[Data extracted from a collection]
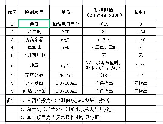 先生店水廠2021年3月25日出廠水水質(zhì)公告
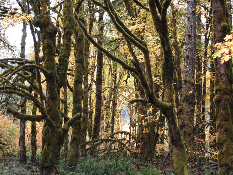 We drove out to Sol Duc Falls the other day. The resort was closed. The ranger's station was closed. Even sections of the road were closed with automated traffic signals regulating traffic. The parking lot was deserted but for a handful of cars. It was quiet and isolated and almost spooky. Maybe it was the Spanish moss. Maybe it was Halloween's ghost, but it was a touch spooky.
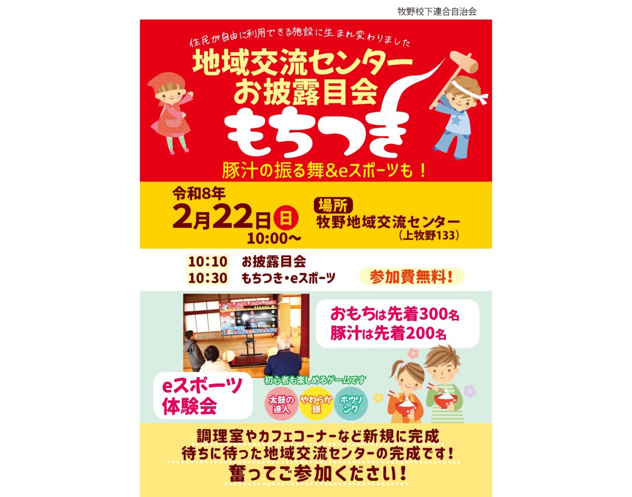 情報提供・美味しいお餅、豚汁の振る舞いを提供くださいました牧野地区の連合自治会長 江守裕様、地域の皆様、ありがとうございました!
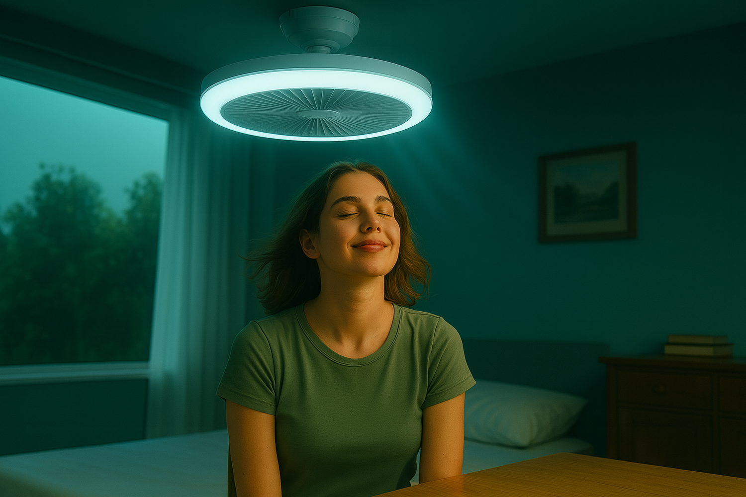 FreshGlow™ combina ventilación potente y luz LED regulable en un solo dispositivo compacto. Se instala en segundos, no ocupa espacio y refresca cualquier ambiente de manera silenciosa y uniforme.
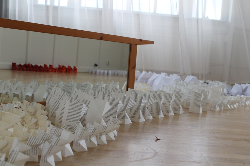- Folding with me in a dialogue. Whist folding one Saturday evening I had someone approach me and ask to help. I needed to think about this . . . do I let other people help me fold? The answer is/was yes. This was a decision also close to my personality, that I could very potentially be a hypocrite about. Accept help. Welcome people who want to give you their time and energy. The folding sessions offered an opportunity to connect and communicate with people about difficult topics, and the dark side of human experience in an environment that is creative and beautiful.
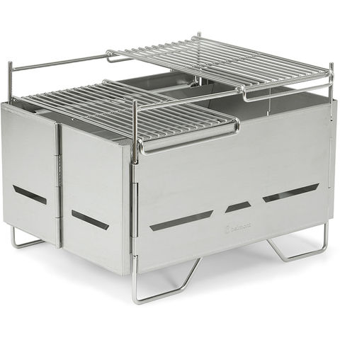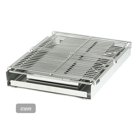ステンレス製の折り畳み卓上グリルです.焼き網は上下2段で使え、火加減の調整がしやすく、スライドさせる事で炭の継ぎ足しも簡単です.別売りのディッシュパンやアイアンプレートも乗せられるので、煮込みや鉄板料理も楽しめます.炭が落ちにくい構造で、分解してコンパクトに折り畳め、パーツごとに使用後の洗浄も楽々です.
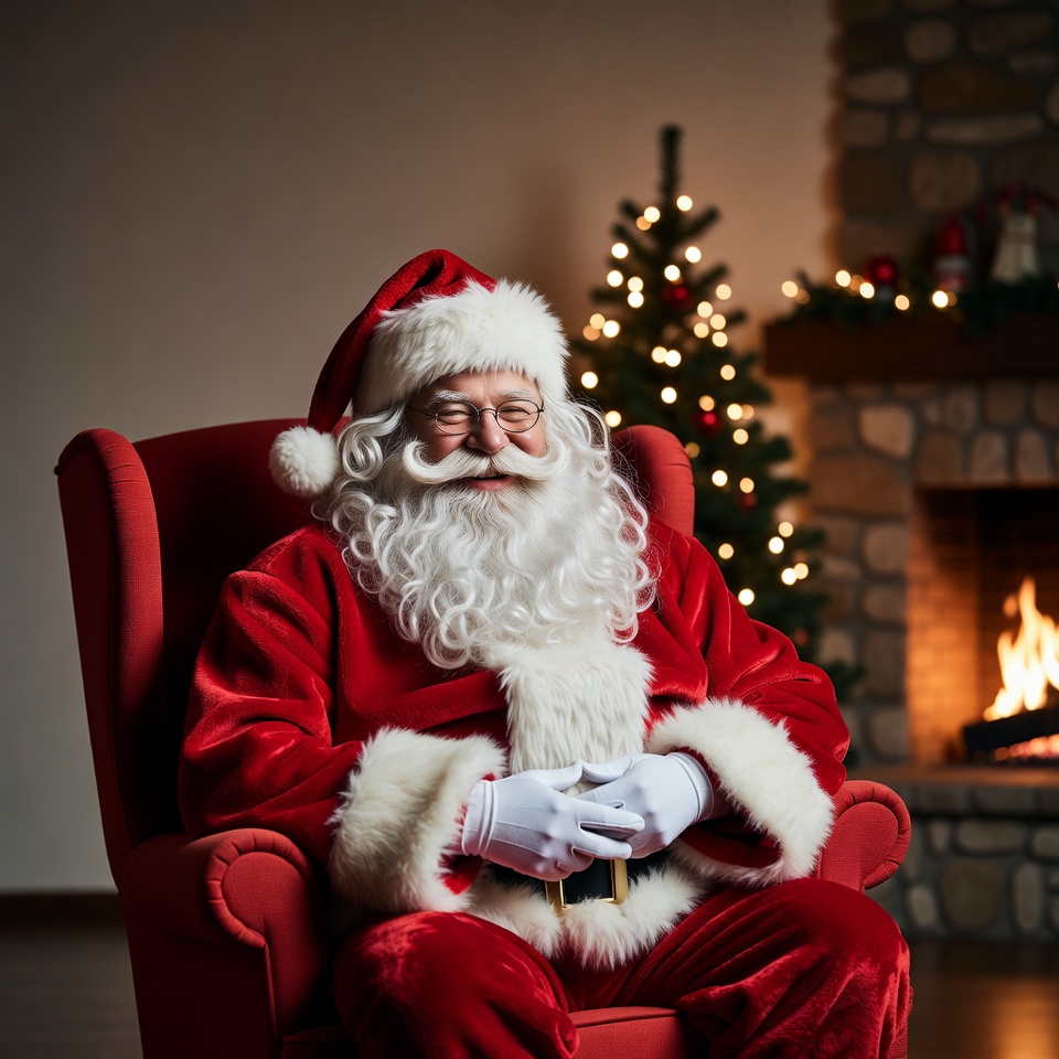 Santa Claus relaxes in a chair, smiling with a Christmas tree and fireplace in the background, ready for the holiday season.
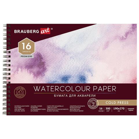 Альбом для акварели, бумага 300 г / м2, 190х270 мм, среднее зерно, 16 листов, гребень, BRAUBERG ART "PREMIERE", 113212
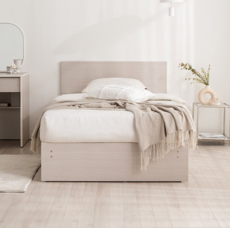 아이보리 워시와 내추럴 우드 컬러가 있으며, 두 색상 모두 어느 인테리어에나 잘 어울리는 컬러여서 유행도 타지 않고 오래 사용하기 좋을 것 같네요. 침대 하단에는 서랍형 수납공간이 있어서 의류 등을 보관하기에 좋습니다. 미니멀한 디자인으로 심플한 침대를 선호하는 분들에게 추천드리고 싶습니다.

# [Action item]
Would you return all the data exactly as given, minus the pictures?

# [Answer]
 先生店水廠2021年3月25日出廠水水質(zhì)公告
 We drove out to Sol Duc Falls the other day. The resort was closed. The ranger's station was closed. Even sections of the road were closed with automated traffic signals regulating traffic. The parking lot was deserted but for a handful of cars. It was quiet and isolated and almost spooky. Maybe it was the Spanish moss. Maybe it was Halloween's ghost, but it was a touch spooky.
 情報提供・美味しいお餅、豚汁の振る舞いを提供くださいました牧野地区の連合自治会長 江守裕様、地域の皆様、ありがとうございました!
 FreshGlow™ combina ventilación potente y luz LED regulable en un solo dispositivo compacto. Se instala en segundos, no ocupa espacio y refresca cualquier ambiente de manera silenciosa y uniforme.
- Folding with me in a dialogue. Whist folding one Saturday evening I had someone approach me and ask to help. I needed to think about this . . . do I let other people help me fold? The answer is/was yes. This was a decision also close to my personality, that I could very potentially be a hypocrite about. Accept help. Welcome people who want to give you their time and energy. The folding sessions offered an opportunity to connect and communicate with people about difficult topics, and the dark side of human experience in an environment that is creative and beautiful.
ステンレス製の折り畳み卓上グリルです.焼き網は上下2段で使え、火加減の調整がしやすく、スライドさせる事で炭の継ぎ足しも簡単です.別売りのディッシュパンやアイアンプレートも乗せられるので、煮込みや鉄板料理も楽しめます.炭が落ちにくい構造で、分解してコンパクトに折り畳め、パーツごとに使用後の洗浄も楽々です.
 Santa Claus relaxes in a chair, smiling with a Christmas tree and fireplace in the background, ready for the holiday season.
 Альбом для акварели, бумага 300 г / м2, 190х270 мм, среднее зерно, 16 листов, гребень, BRAUBERG ART "PREMIERE", 113212
 아이보리 워시와 내추럴 우드 컬러가 있으며, 두 색상 모두 어느 인테리어에나 잘 어울리는 컬러여서 유행도 타지 않고 오래 사용하기 좋을 것 같네요. 침대 하단에는 서랍형 수납공간이 있어서 의류 등을 보관하기에 좋습니다. 미니멀한 디자인으로 심플한 침대를 선호하는 분들에게 추천드리고 싶습니다.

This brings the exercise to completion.